Why You Should Stop Doing Burpees

Like most people, I used to think a burpee was something you did after chugging a litre of fizzy drink (now known as SSB - sugar sweetened beverage). Now, also like most people - at least those with a passing interest in fitness - I know it is actually an exercise in which you squat, put your hands to the ground and jump your body into a plank, perform a push-up, and then perform a squat jump which takes you back to the start again, except, for most people, it isn't. Which is why, unless you have great form, you should stop doing burpees, or, at the very least do burpees slowly with perfect form.

Touted as a full body exercise, most of us, with our broken first world bodies that have spent too much time sitting in chairs and too little squatting, doing a perfect form burpee is difficult at a slow pace, and, at a fast pace, with fatigue rapidly settling in, impossible. 

For many people - and I count myself among the many - the trouble begins early with poor squat form.

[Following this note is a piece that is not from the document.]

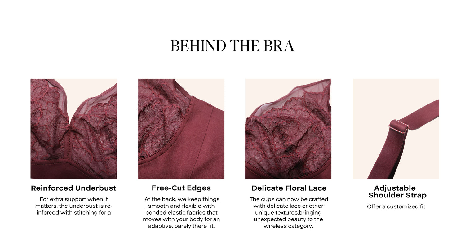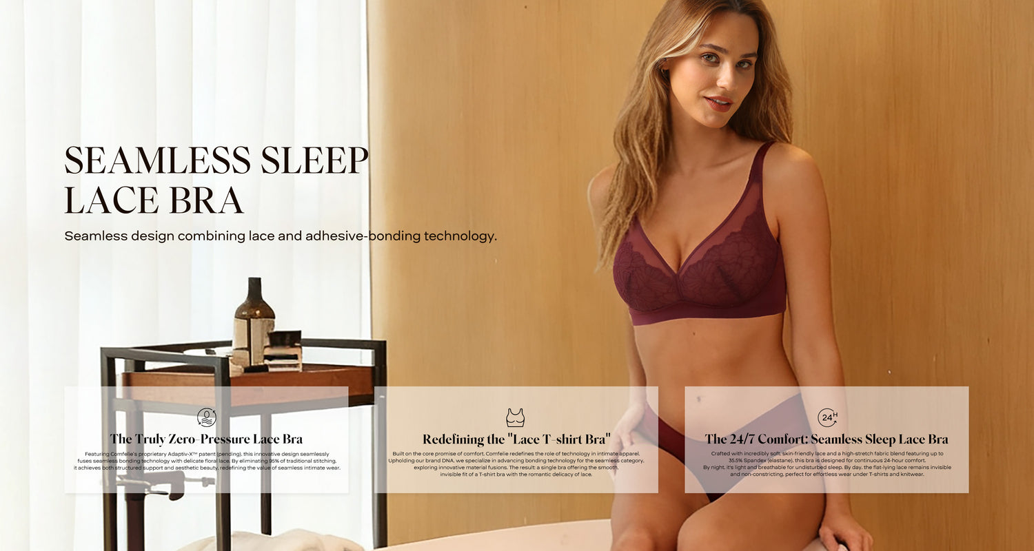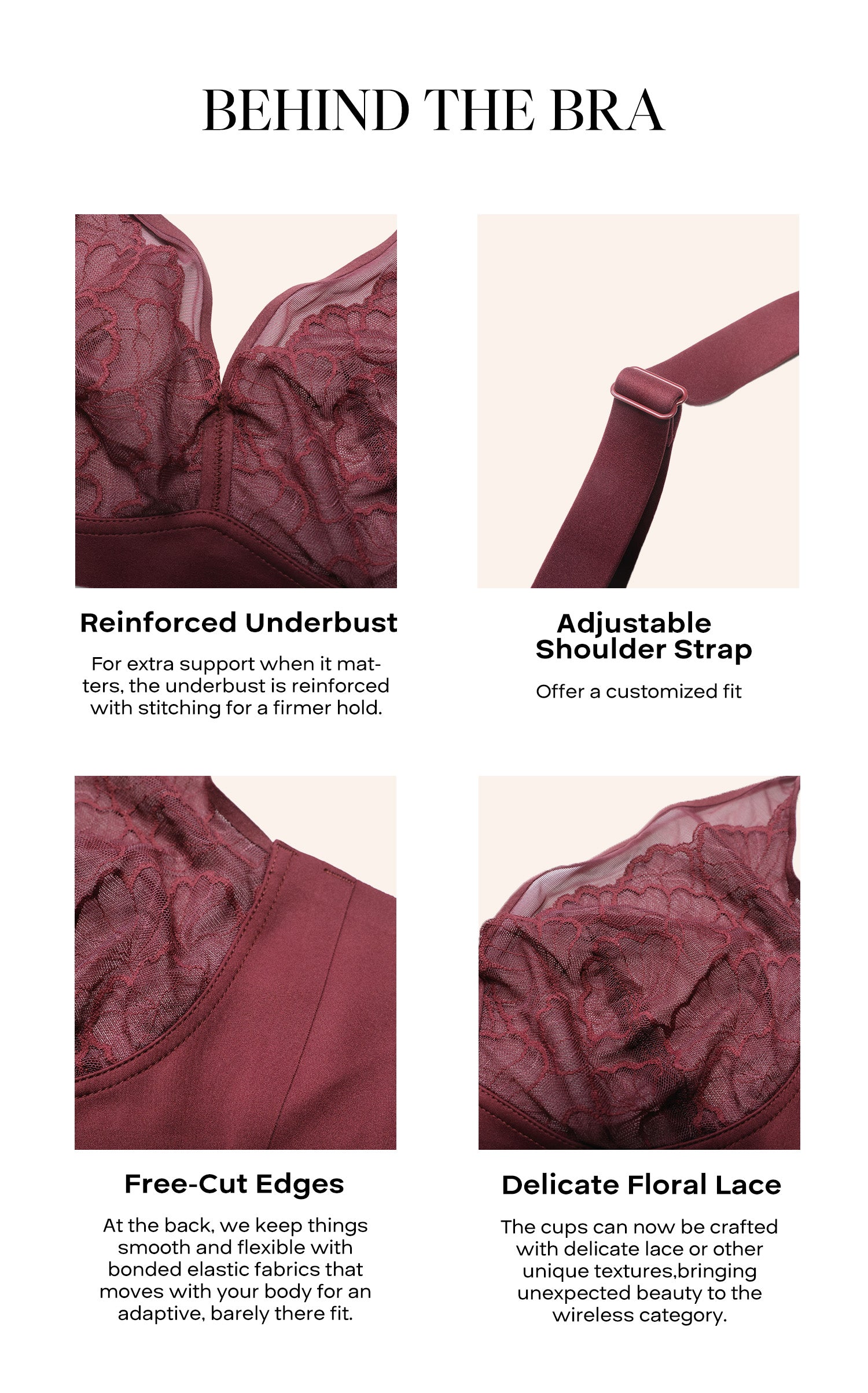 Featuring Comfelie’s proprietary Adaptiv-X™ patent (pending), this innovative design seamlessly fuses seamless bonding technology with delicate floral lace. The inner layer features extended elastic mesh panels reaching up to the shoulder area, creating dynamic stability that moves with you.

Either the dreaded butt wink as you try to get into a deep enough squat to get your hands to the ground with your spine neutral, or, what is seen more commonly, the back bend squat where instead of hinging at the hip and knee and maintaining a neutral spine, the exerciser simply rounds the back to get the hands to the ground because they lack flexibility, core strength and the ability to properly initiate a squat. 

 Back when I had looser hamstrings

The plank, must be the simplest, yet most poorly performed exercise out there simply because most people don't have anything approximating the core strength to actually maintain tension in the torso. Again, two variations present themselves, either the downward dog plank or the upward dog plank. Neither is a plank. Next comes the push-up, which is either a flutter in the top quarter range of motion, or the full blown collapse, whereby the lower torso collapses to the ground, rapidly followed by the upper torso - as if there is an extra hip joint in the spine - the "push-up" reverses the collapse. And, finally, the jump which virtually never starts from a nice deep squat. 

All in all, it's pretty ugly, and unless your aim is to ingrain poor movement patterns you should probably just stop and work the individual components of a burpee until you can actually do a perfect form burpee. Only then should you try pumping them out like Rich Froning.